И я посмотрел ему прямо в глаза, и глаза его начали мигать. Я смотрел на волка и чувствовал, что вот смотрю какими-то не своими, не настоящими глазами, не глазами жизни, а глазами бреда, может быть глазами вошедшей в меня смерти. И тогда я нашел в себе желание и силу взглянуть глазами жизни, последним остатком жизни во мне. И я увидал жизнь: видение исчезло. Волк сперва начал отдаляться, уходить за поле, вроде как пятиться от меня, а затем меня защемила физическая боль, как бывает при пробегающей по членам судороге. И я вернулся к жизни, к ощущению правды: перед нами недалеко за полем засветилась утренними огоньками деревня. И как только до моего сознания дошло, что это избавление, мои руки и ноги одеревенели, все помутилось, огоньки погасли, и я упал, стукнувшись головой о Кирюшу.
Я услышал, как плакал Кирюша и как они с Сундуком трясли меня и терли мне уши и лицо.
Огоньки за овражком, где-то чернеющие избы, собачий лай, — надежда оживила нас. Мы двигались, махали руками, разогревались, как могли.
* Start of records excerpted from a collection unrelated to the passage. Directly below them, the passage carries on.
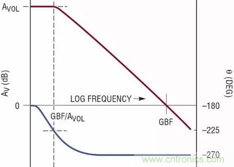 圖1c:理想化的運(yùn)算放大器頻率響應(yīng)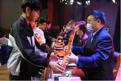 发放仪式上,李秀萍对万国集团公司吕辉一行的到来表示热烈的欢迎和真诚的感谢!她宣读了《关于表彰万国奖学金获得者的决定》,与会领导为2020级汽车专业76名员工分别颁发了2000元、1500元、1000元奖学金。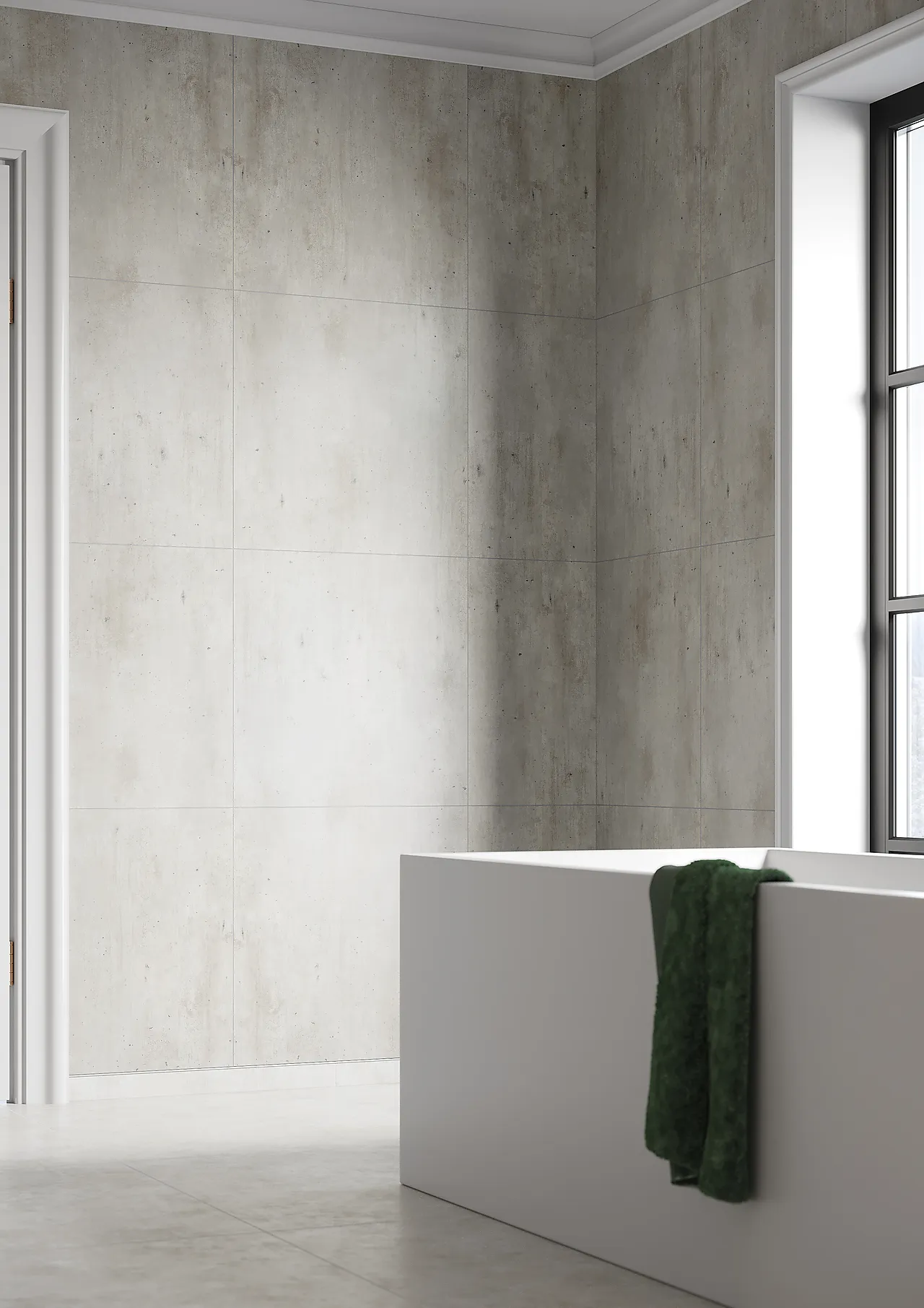 Fibo Marcato baderomsplate med eller uten flis, platene ligner sement og fargen er enkel å kombinere med andre farger. Dette er et moderne og trygt fargevalg. Fibo baderomspanel monteres enkelt på eksisterende vegg eller rett på stendere. Den slette overflaten gjør det enkelt å holde rent. Allsidige plater som også kan brukes i andre rom som garderobe eller vaskerom. Lekre plater som gir et helhetsinntrykk i rommet.

Уже светало, когда мы добрались до деревни. Нас впустили в избу. Там мы узнали, что мы уже на тракте.
Сундук, войдя и оглядевшись, сел на лавку. А севши, стал свисать на бок, закрыл глаза, ткнулся головой в угол, подобрал под себя ноги и захрапел.
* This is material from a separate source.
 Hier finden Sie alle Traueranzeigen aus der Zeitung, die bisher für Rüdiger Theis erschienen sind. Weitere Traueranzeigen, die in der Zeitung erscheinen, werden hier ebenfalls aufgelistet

Старик, седой и чистенький, похожий на святого с иконы, сказал мне:
— Полезай, болезный, на печь. Спать томишься. Ткни там девку, чтоб подвинулась.
Я снял сапоги и полез на печку. Там лицом ко мне спала девушка лет двадцати, очевидно внучка старика. Щеки ее от сладкого сна горели, как две маковинки, лоб сиял, как солнечный зайчик. Я легонько потеснил ее от края; она подвинулась к стене, не просыпаясь, и положила на меня тяжелую руку. Я едва успел вытянуться, как меня обволокло небытие и я забыл все на свете в мертвом сне.
Когда я проснулся, рассветало. Девки на печке уже не было. Где-то в сенях стукнули об пол коромыслом и прогремели ведра.